Son marathon de Londres s’inscrit dans cette logique de dépassement de soi et d’engagement pour autrui. À l’instar d’autres figures du paddock qui réinvestissent leur énergie ailleurs que sur la piste, Vettel prouve que la retraite sportive peut être le début d’un nouveau chapitre, tourné vers des causes qui comptent vraiment.

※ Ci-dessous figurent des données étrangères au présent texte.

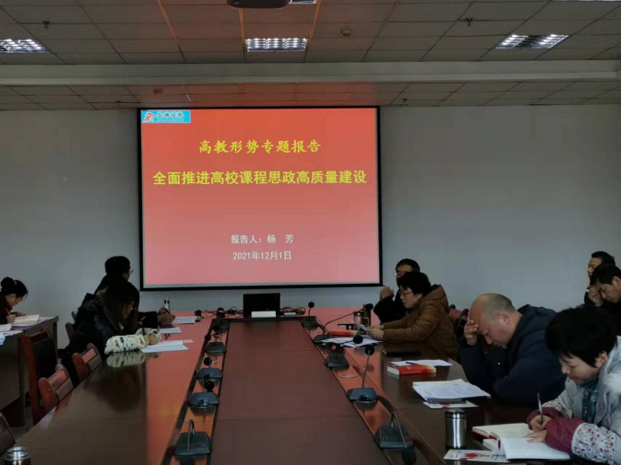 2021年12月3日下午,在江北逸夫科技楼大会议室,韦德1946体育官方入口全体教职工开展高教形势专题报告学习活动,本次学习活动由王健经理主持。

Un Marathon de Londres 2026 historique
L’édition 2026 du TCS London Marathon restera dans les annales pour de nombreuses raisons. Outre la performance de Vettel, c’est aussi lors de cette course que le Kényan Sabastian Sawe est devenu le premier athlète à courir un marathon en moins de deux heures dans des conditions de course officielles, avec un temps époustouflant de 1 h 59 min 30 s.
Plus de 58 250 participants ont franchi la ligne d’arrivée avant 18 h 15, lors d’un événement qui avait reçu un record mondial de 1,13 million de candidatures pour le tirage au sort. Par ailleurs, plus de 1 900 participants en situation de handicap ont pris part à la course, faisant de cette édition le Marathon de Londres le plus inclusif jamais organisé.
Au total, 38 072 978 £ ont été levés via Enthuse, la plateforme officielle de collecte de fonds – un record journalier et une hausse de 22 % par rapport à l’année précédente.
Une inspiration bien au-delà des circuits
La participation de Sebastian Vettel au Marathon de Londres symbolise bien plus que le simple dépassement sportif. Un homme qui a tout remporté sur les circuits, qui aurait pu se contenter de savourer ses lauriers, a choisi, à 38 ans, de se remettre en question, de transpirer sous le soleil londonien et de mettre son nom au service de ceux qui en ont besoin.
Alors que la Formule 1 2026 bat son plein sur les circuits du monde entier – avec ses propres enjeux techniques et sportifs que nous suivons de près –, Vettel, lui, court pour d’autres victoires. Celles qui ne s’affichent pas sur un podium, mais qui changent des vies.
Et c’est peut-être là sa plus belle performance.